Package 'glex' reference manual

Title:	Global Explanations for Tree-Based Models
Description:	Global explanations for tree-based models by decomposing regression or classification functions into the sum of main components and interaction components of arbitrary order. Calculates SHAP values and q-interaction SHAP for all values of q for tree-based models such as xgboost.
Authors:	Marvin N. Wright [aut, cre] , Joseph Theo Meyer [aut], Munir Hiabu [aut], Lukas Burk [aut] , Jinyang Liu [aut]
Maintainer:	Marvin N. Wright <[email protected]>
License:	GPL-3
Version:	0.4.2
Built:	2025-03-13 13:49:37 UTC
Source:	https://github.com/PlantedML/glex

Plot Prediction Components

Description

Plotting the main effects among the prediction components is effectively identical to a partial dependence plot, centered to 0.

Usage

## S3 method for class 'glex'
autoplot(object, predictors, ...)

plot_main_effect(object, predictor, rug_sides = "b", ...)

plot_threeway_effects(object, predictors, rug_sides = "b", ...)

plot_twoway_effects(object, predictors, rug_sides = "b", ...)
## S3 method for class 'glex'
autoplot(object, predictors, ...)

plot_main_effect(object, predictor, rug_sides = "b", ...)

plot_threeway_effects(object, predictors, rug_sides = "b", ...)

plot_twoway_effects(object, predictors, rug_sides = "b", ...)

Arguments

`object`	Object of class `glex`.
`...`	Used for future expansion.
`predictor`, `predictors`	`(character)` vector of predictor names, e.g. `"x1"` to plot main effect of `x1`, and `c("x1", "x2")` to plot the interaction term `x1:x2`.
`rug_sides`	`(character(1): "b")` Sides to plot rug (see `ggplot2::geom_rug()`) plot on for continuous predictors.. Default is `"b"` for both sides. Set to `"none"` to disable rug plot.

Value

A ggplot2 object.

Examples

if (requireNamespace("randomPlantedForest", quietly = TRUE)) {
library(randomPlantedForest)

# introduce factor variables to show categorical feature handling
mtcars$cyl <- factor(mtcars$cyl)
mtcars$vs <- factor(mtcars$vs)

# Fit forest, get components
set.seed(12)
rpfit <- rpf(mpg ~ cyl + wt + hp + drat + vs, data = mtcars, ntrees = 25, max_interaction = 3)
components <- glex(rpfit, mtcars)

# Main effects ----
plot_main_effect(components, "wt")
plot_main_effect(components, "cyl")
}
# plot_threeway_effects(components, c("hr", "temp", "workingday"))
if (requireNamespace("randomPlantedForest", quietly = TRUE)) {
library(randomPlantedForest)

# 2-degree interaction effects ----
# 2d continuous, scatterplot of arbitrary orientation
plot_twoway_effects(components, c("wt", "drat"))
# flipped: plot_twoway_effects(components, c("drat", "wt"))

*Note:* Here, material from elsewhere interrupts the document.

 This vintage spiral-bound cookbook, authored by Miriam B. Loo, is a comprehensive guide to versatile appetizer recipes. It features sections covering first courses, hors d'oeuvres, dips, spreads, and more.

# continuous + categorical (forces continuous on x axis, colors by categorical)
plot_twoway_effects(components, c("wt", "cyl"))
# identical: plot_twoway_effects(components, c("cyl", "wt"))

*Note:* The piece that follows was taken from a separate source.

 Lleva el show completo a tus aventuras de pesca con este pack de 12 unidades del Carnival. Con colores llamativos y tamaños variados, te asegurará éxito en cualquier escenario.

# 2d categorical, heatmap of arbitrary orientation
plot_twoway_effects(components, c("vs", "cyl"))
plot_twoway_effects(components, c("cyl", "vs"))
}
if (requireNamespace("randomPlantedForest", quietly = TRUE)) {
library(randomPlantedForest)

# introduce factor variables to show categorical feature handling
mtcars$cyl <- factor(mtcars$cyl)
mtcars$vs <- factor(mtcars$vs)

# Fit forest, get components
set.seed(12)
rpfit <- rpf(mpg ~ cyl + wt + hp + drat + vs, data = mtcars, ntrees = 25, max_interaction = 3)
components <- glex(rpfit, mtcars)

# Main effects ----
plot_main_effect(components, "wt")
plot_main_effect(components, "cyl")
}
# plot_threeway_effects(components, c("hr", "temp", "workingday"))
if (requireNamespace("randomPlantedForest", quietly = TRUE)) {
library(randomPlantedForest)

# 2-degree interaction effects ----
# 2d continuous, scatterplot of arbitrary orientation
plot_twoway_effects(components, c("wt", "drat"))
# flipped: plot_twoway_effects(components, c("drat", "wt"))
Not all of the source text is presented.